Dijo a los cadáveres: “¡Levantaos!” y a esa voz omnipotente la muerte fue vencida, los muertos resucitaron a nueva vida. Tenía para todos una palabra de perdón y de paz; a todos infundió un soplo de caridad restauradora, un rayo vivificante de luz, superior, divina.

Inicuamente perseguido y traicionado, aun en la cruz invocó del Padre celestial, con gran voz, el perdón para los bárbaros que lo habían crucificado. El, que había hecho volver a poner la espada de Pedro en la vaina, que no había derramado la sangre de nadie, quiso dar toda su sangre divina y su vida por los hombres, sin distinción de judío, de griego, de romano o de bárbaro: ¡verdadero rey de paz, Dios, Padre, Redentor de todos!

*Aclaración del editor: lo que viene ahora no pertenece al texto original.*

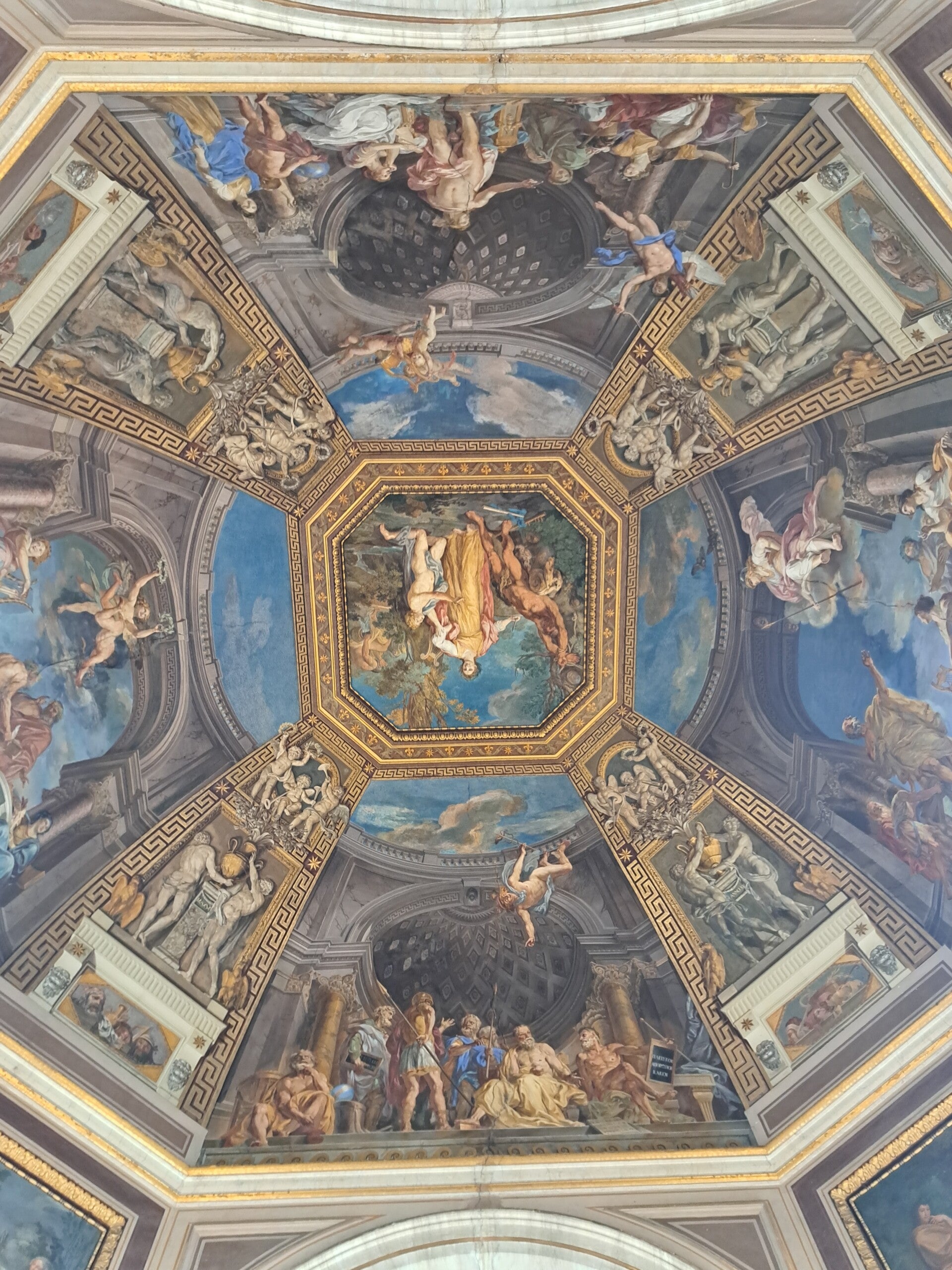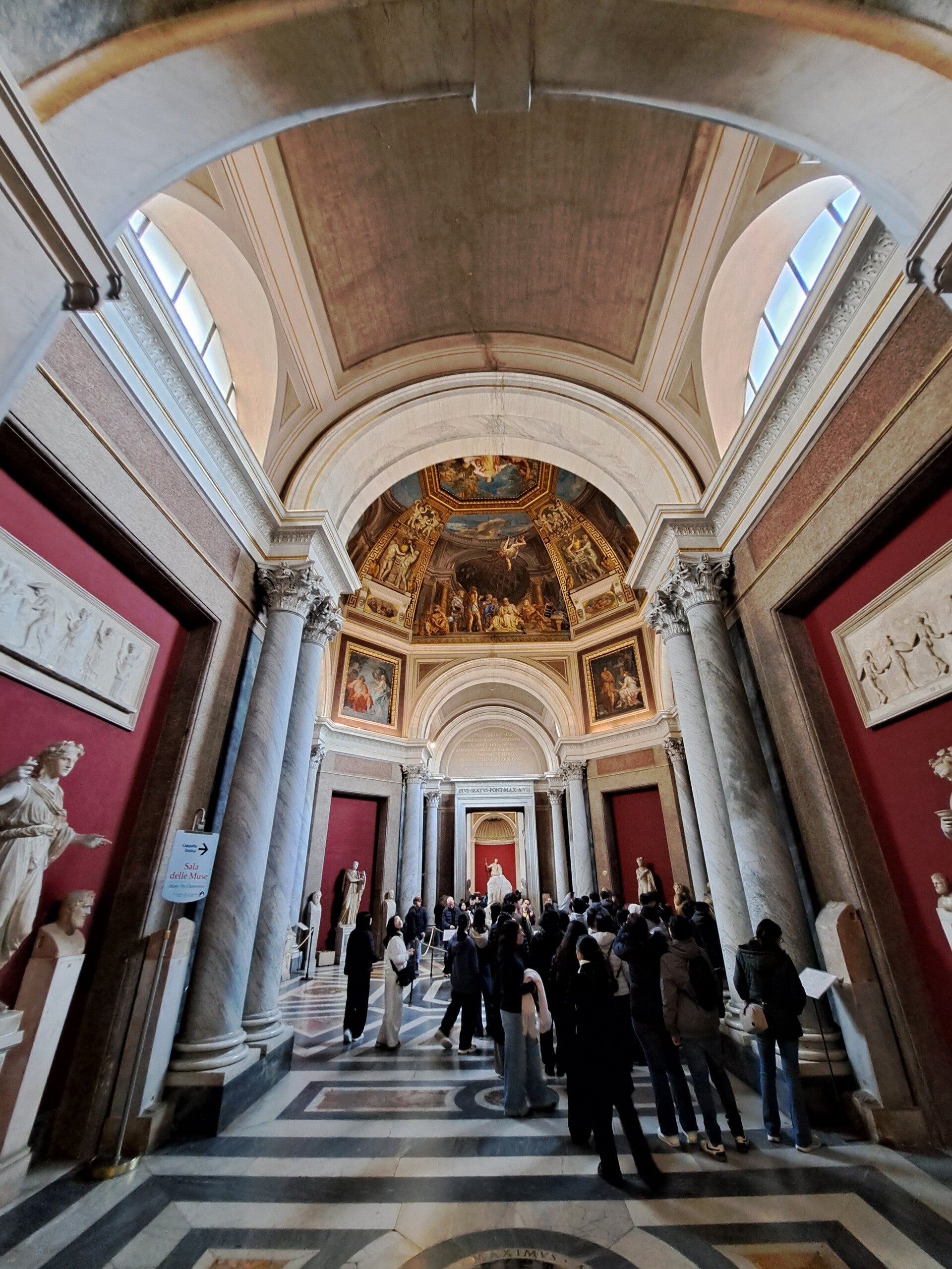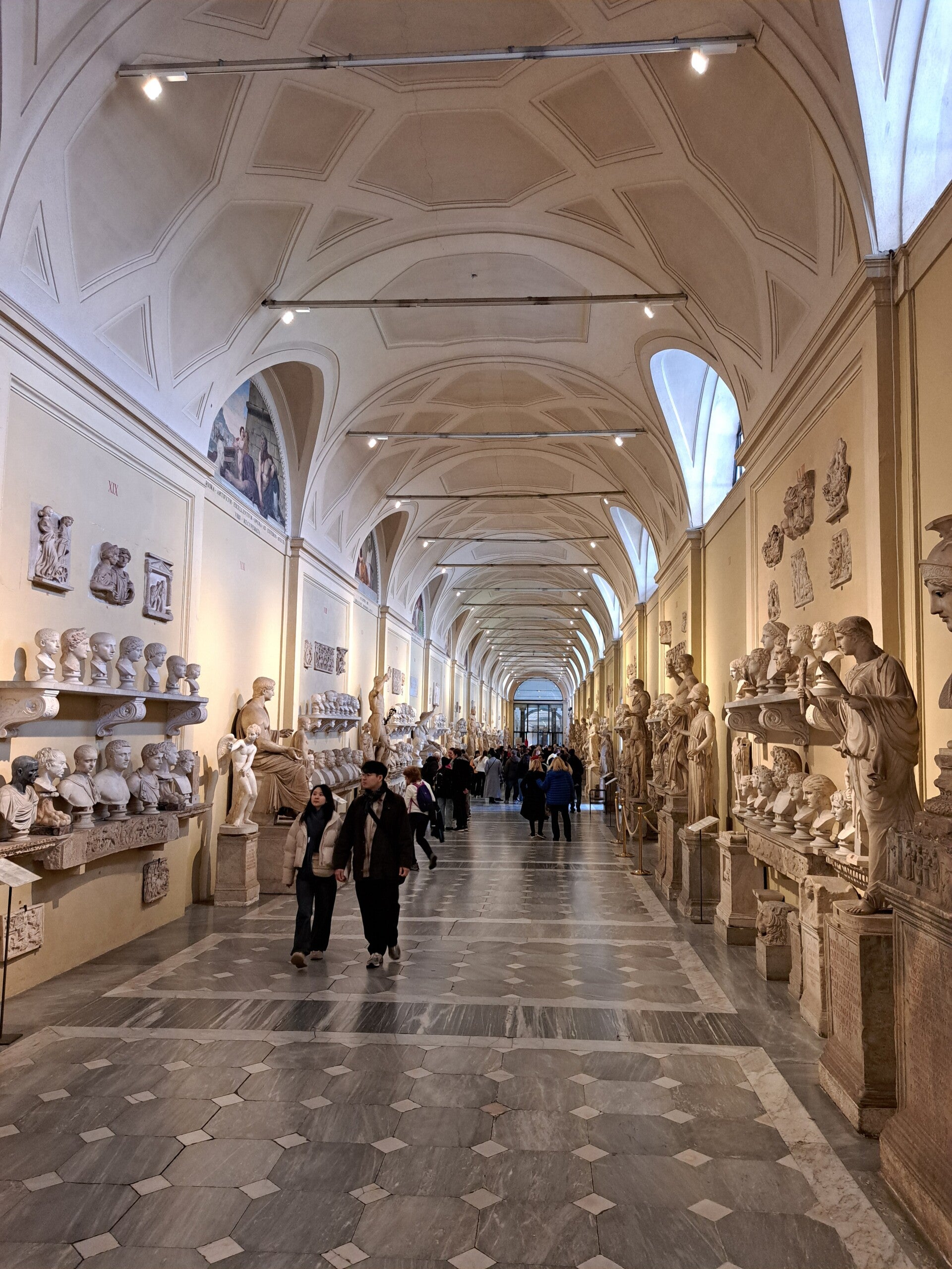 Vandaag tijd om nog even een ander land te bezoeken. Het kleinste land ter wereld, gelegen midden in Rome. Uiteraard gaat het dan om Vaticaanstad, de residentie van de paus en zijn gevolg. Ook voor het Vaticaans museum hadden we op voorhand al tickets geregeld, gelukkig hier geen noodzaak tot omwisselen ergens in de buurt van Vaticaanstad. In de ochtend op tijd richting metro, een directe lijn die uitkwam vlak bij Vaticaanstad. Uit de metro eerst nog maar op zoek naar een ontbijtje, we hadden ruim de tijd. Daarna op zoek naar de ingang van het museum, dat bleek een beetje aan de achterkant van Vaticaanstrad te zijn. Redelijk lange rijen waar we gewoon voorbij konden lopen, we hadden onze tickets tenslotte al. Echt binnen vijf minuten stonden we in het museum, dat was fijn. Bij de ingang kun je eerst nog even naar buiten, waar je kan uitkijken over de tuinen van het Vaticaan. Binnen een gigantisch museum, waarbij je een vaste route hebt vanwaar je ook een aantal zijroutes kan pakken. Deze komen steeds weer terug uit op de hoofdroute. Soms komt de route weer uit op een binnenplaats of binnentuin, maar over het algemeen zijn het lange gangen vol met beelden, schilderijen en wandtapijten. Een liefhebber kan zich hier makkelijk de hele dag vermaken, iemand als ik krijgt het vanzelf benauwd van de drukte en wil redelijk rap weer door. Pas bijna aan het einde van de hele hoofdroute, die steeds smaller en daarmee drukker wordt, kom je uit bij de ruimte die je echt gezien moet hebben: de Sixtijnse kapel. De wereldberoemde plafondschilderingen zijn een lust voor het oog, helaas heel veel bewaking om te voorkomen dat je er ook maar een vluchtig kiekje van maakt.

Quiso morir con los brazos abiertos, entre el cielo y la tierra, llamando a todos –ángeles y hombres– a su Corazón abierto, desgarrado, anhelando abrazar y salvar en ese Corazón divino a todos, todos, todos: ¡Dios, Padre, Redentor de todo y de todos!

No, Jesús no quiso construir un monumento fúnebre, como Gengis Khan, como los antiguos reyes; sin embargo, por todas partes se ve levantarse al cielo, en las grandes ciudades y en los pequeños pueblos, una casa consagrada a su memoria; aun allí donde no hay moradas humanas, en las nieves eternas, se alza la capilla –tal vez una pobre choza muy parecida a la gruta de Belén–, y  sobre ella, solitaria, hay una Cruz que recuerda la obra de amor y de inmolación de Jesucristo Nuestro Señor. ¡Esa Cruz habla a los corazones del Evangelio, de

la paz, de la misericordia de Dios hacia los hombres...!

¡No me vencieron sus milagros ni su resurrección, sino su Caridad, esa Caridad que ha vencido al mundo!

* * *

CRONOLOGIA ORIONINA

  1919, 27 de diciembre, sábado: Inauguración del Instituto del Sagrado Corazón de San Severino Marche (Macerata), para la asistencia a los huérfanos y la formación profesional. [Cf. Escritos 71,53; PODP, enero-febrero de 1926, 7].

1931, 27 de diciembre, domingo: Apertura del Colegio Santa Caterina, en Tres Algarrobos, Buenos Aires (Argentina), confiado a las Hermanitas Misioneras de la Caridad. [Cf. PODP, febrero de 1932, 7-8; ADO, Registro de Viviendas del PSMC].